Je comprends qu'ils aient changé son nom remplaçant le trop connu San Benedetto par l'énigmatique Lizori. "Cela signifie là ou le vivant le sait". C'est lui, en personne, le professeur, le charmeur de serpents, qui me le confirme. Dans le stress de l'attente, j'imaginais cette rencontre comme quelque chose de semblable à l'attaque de la cabanne par le colonel Kurtz dans Apocalypse Now! La seule chose qui leur est commun est le langage prophétique. Pour le reste c'est une autre musique, Meneghetti ressembla à un milliardaire texan, blouson en daim, largement ouvert sur le torse velu, grosse baque à l'auriculaire, vodka et énorme cigare. Quand à la cabanne, elle s'est transformée en un studio vaste et lumineux avec pleine vue sur la vallée, piano à queue et énormes cadres aux murs donnent une idée de l'insondable universalité du professeur.

Et nous n'en sommes qu'aux hors d'oeuvres. L'ex frère franciscain (unique titre que je connaissais de son incroyable parcours) se targue de bien d'autres titres: quatre prix, publication de plus de quarante oeuvres traduites dans le monde entier, la qualité d'académicien de l'International Informatization of Academy, organisme reconnu par l'ONU, etc... etc... etc... Après tout cela, ce "terrible scientifique" a perdu tout espoir de rencontrer des hommes aussi intelligents que lui. Je comprends, professeur. Mais je voudrais que l'on nous explique, à nous pauvres terrestres ce qu'est cette ontopsychologie? Rien à faire. Il se fatigue et moi aussi. Mais nous n'arrivons pas à de tels sommets! Je prends alors connaissance de deux de ces écrits et je suis complètement abasourdi quand je lis que l'ontopsychologie se présente comme une véritable science, qui n'a donc rien à voir avec le mysticisme actuellement en vogue dans le monde des sectes. Autres curiosité: le bien être individuel réside dans l'égoïsme suggestif et non dans le souci de faire le bien.

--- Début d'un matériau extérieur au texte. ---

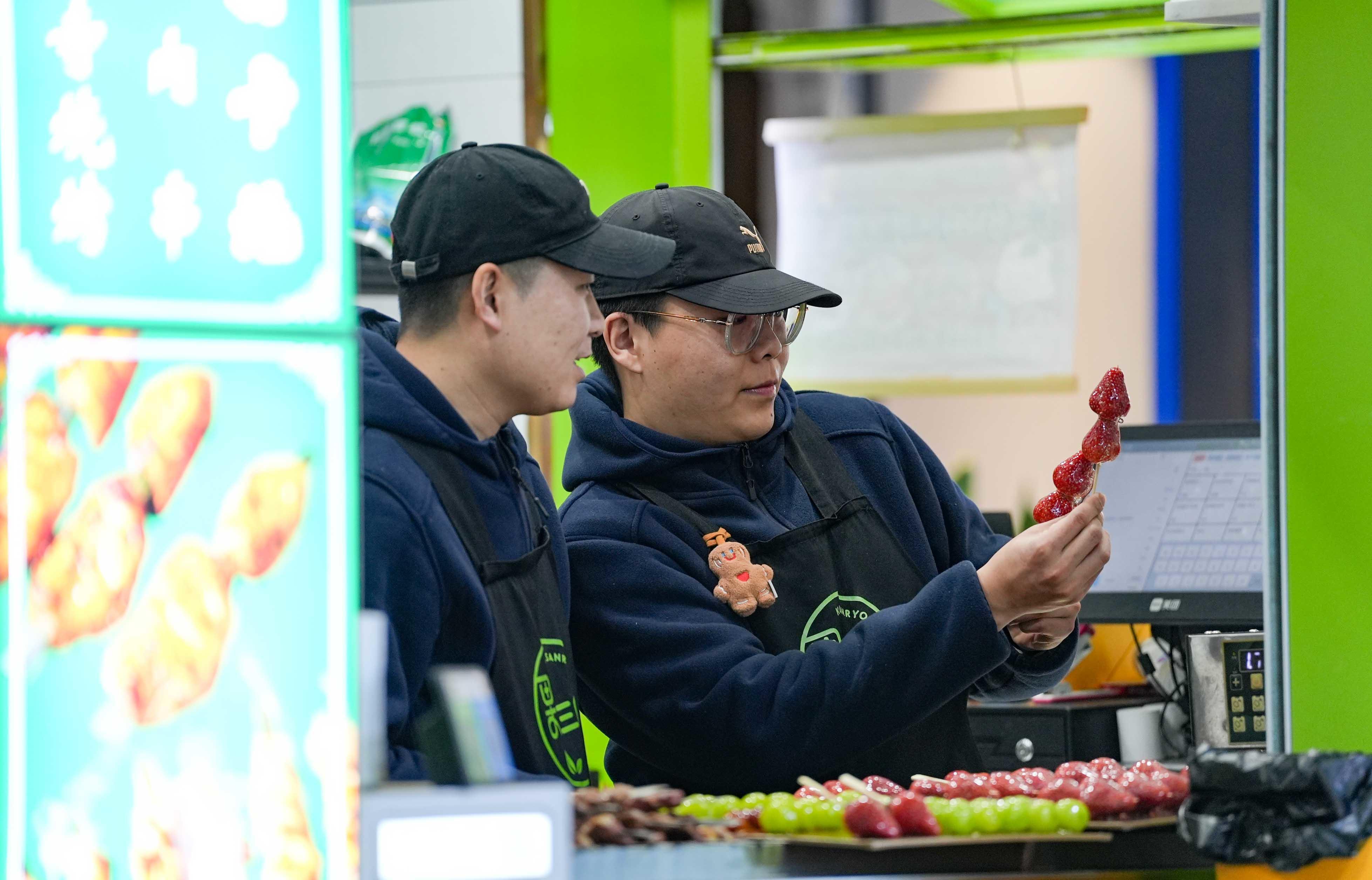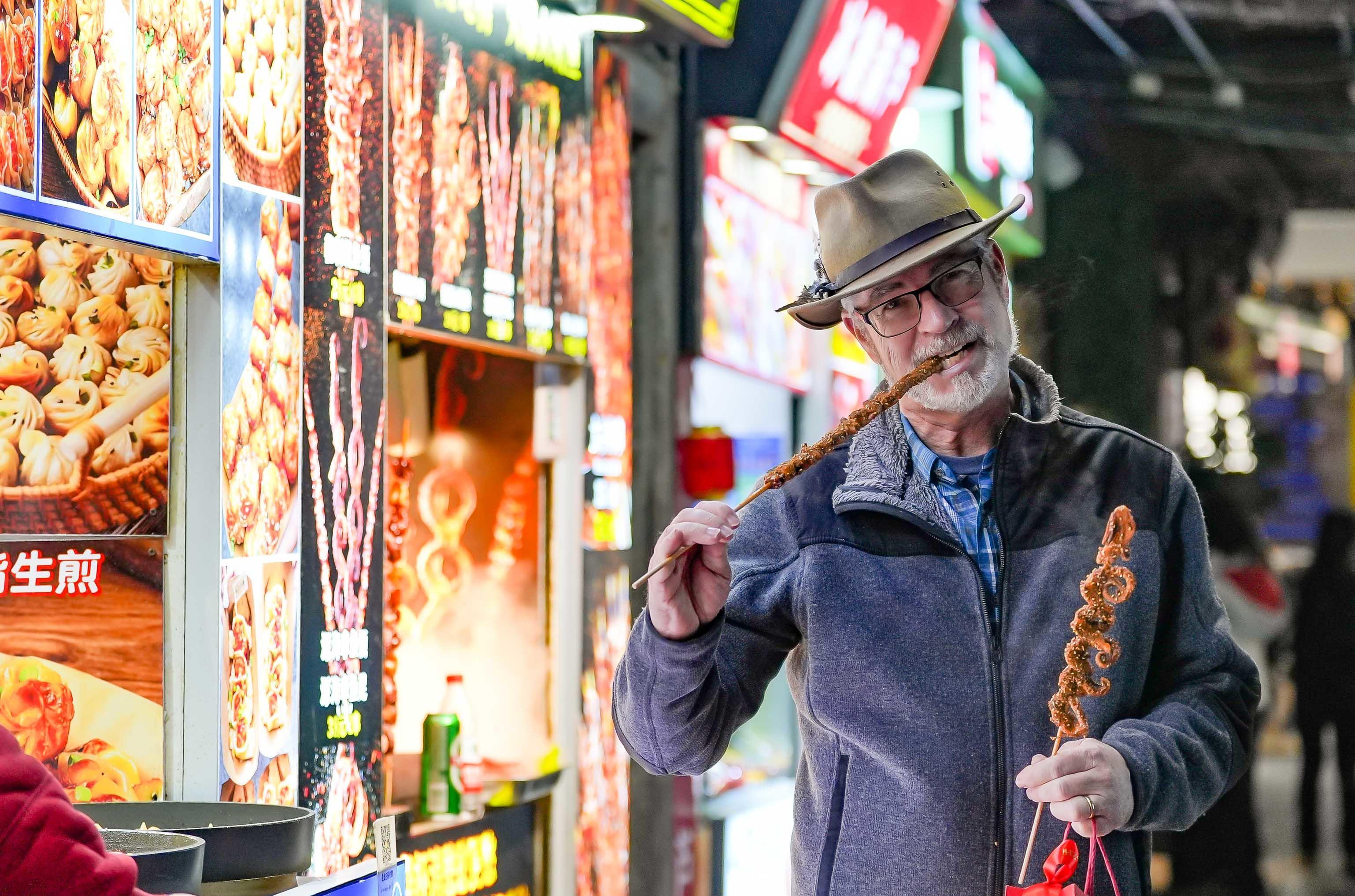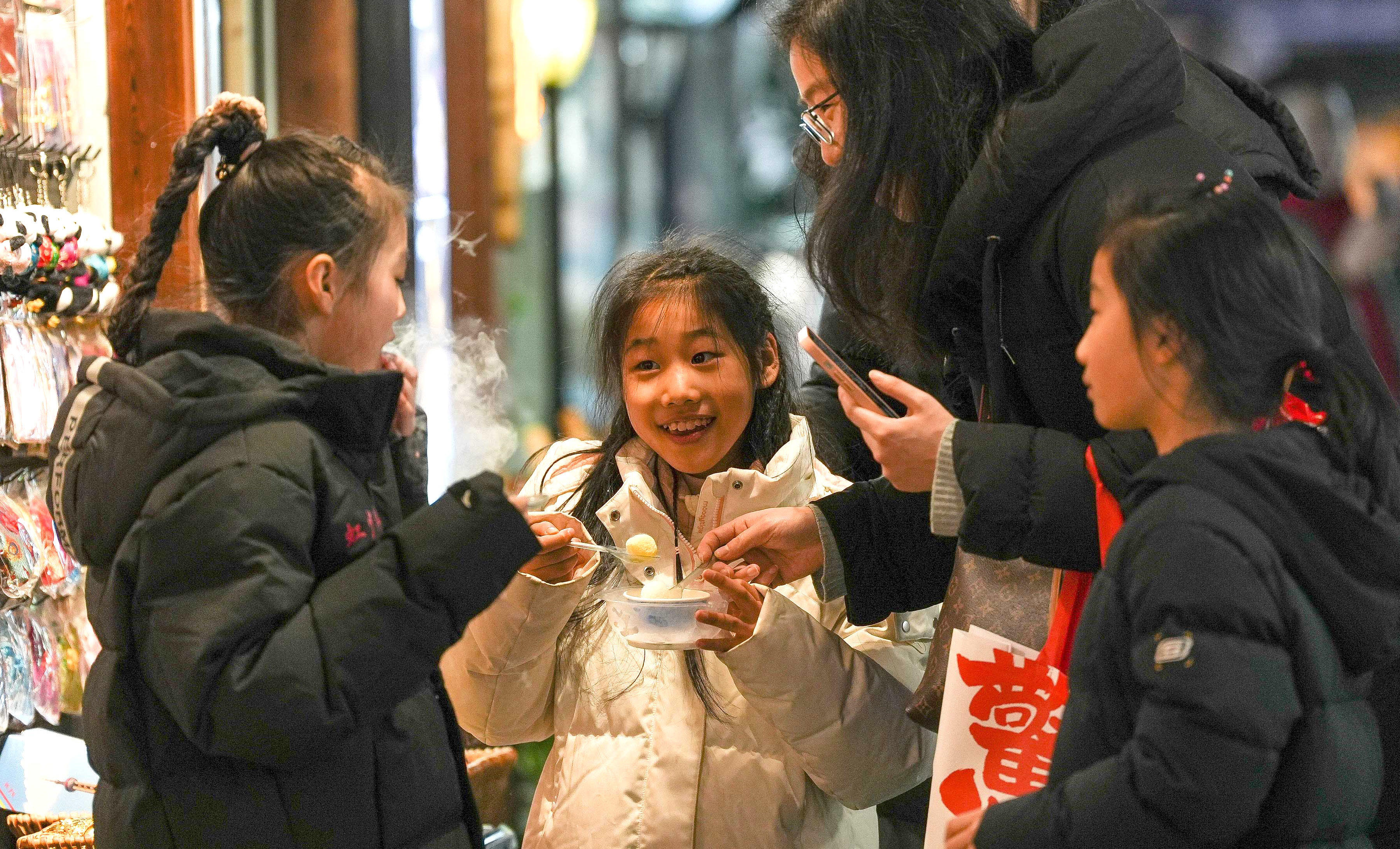 田子坊里穿梭着许多不同肤色、说着各种语言的外国友人。他们被这里春节限定的喜庆氛围深深吸引,在传统剪纸摊前,看着民间艺人手中的剪刀上下翻飞,剪出精美的图案;在小吃摊前,品尝着中国特色小吃,一个个都露出满足的笑容。

C'est peut être un peu... peu. Mais cela me permet de discerner l'autre face de Janus Meneghetti. Après avoir été dépouillé des habits du contorsionniste théoricien et syntacticien endosse finalement ceux bien plus prosaïque de colporteur. "Les malades? Je ne m'en occupe plus depuis bien des années, Ils n'apportent que des ennuis. Maintenant je ne travaille plus que pour les élites politiques et entrepreneuriales en leur enseigant la psychologie des leaders. Le coût minimum de chaque conférence est de 10 000 dollars. Je suis continuellement sollicité par le Brésil, la Chine et la Russie".

Je serais curieux de savoir qui est disposé à dépenser de telles sommes. Mais il n'y a aucun doute sur le fait que cet homme puisse dire comment on devient un leader. Eb fin de compte, c'est bien grâce à son talent que cet homme s'est constitué une immense fortune...  légitimement ou pas, cela n'est pas mon affaire.